As described above, according to the present invention, the running roller that runs in the sub-scanning direction is attached to the carrier so as to be in contact with the document surface glass, and the two shafts that slidably support the carrier are connected to the pressing member. Since the structure is configured so that the photoelectric conversion element on the carrier is pressed toward the document surface glass, the carrier can be smoothly fed in sub-scanning while always keeping a constant distance between the photoelectric conversion element on the carrier and the document surface glass. In addition to preventing deterioration of the read image due to defocusing of the image, it is also possible to eliminate the need for vertical positioning of the shaft and document surface glass when assembling the device.

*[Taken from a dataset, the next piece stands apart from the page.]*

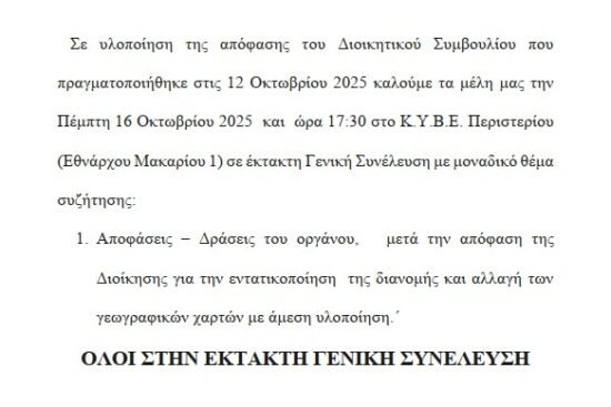Από την Έκτακτη Γενική Συνέλευση του Σωματείου μας, όπου ΟΜΟΦΩΝΑ αποφασίστηκαν απεργιακές κινητοποιήσεις.

[Brief explanation of the drawing]

FIG. 1 is a front cross-sectional view showing the entirety of a still document image reading device according to an embodiment of the present invention, FIG. 2 is a front cross-sectional view showing an enlarged view of the carrier shown in FIG. 1, and FIG. 1 is a side sectional view showing the carrier, FIG. 4 is an enlarged front sectional view showing the shaft support structure shown in FIG. 1, and FIG. 5 is a main view showing the shaft support structure shown in FIG. 1. FIG. 6 is a side view of the main part showing the fitted state of the shaft and bracket shown in FIG. 1, and FIG. 7 is a perspective view of the main part showing the conventional document static image reading device. , FIG. 8 is a front sectional view showing the optical system of the apparatus shown in FIG. 7. 1 is a rod lens array, 3 is a photoelectric conversion element, 4 is a carrier, 5 is a document surface glass, 8 is a shaft, 21 is a running roller, and 28 is a shaft support device. In addition, the same symbols in the figures indicate the same or equivalent parts.

Claims (1)

[Claims] A document surface glass on which a document is placed, a rod lens array that receives reflected light from the document and forms an image on a photoelectric conversion element, and a sub-scanning device that holds this rod lens array and maintains it parallel to the document surface glass. A stationary original image reading device comprising: a carrier that moves in the sub-scanning direction; What is claimed is: 1. A stationary document image reading device comprising: a shaft supported slidably in a direction; and a shaft support device elastically pressing the shaft toward a document surface glass.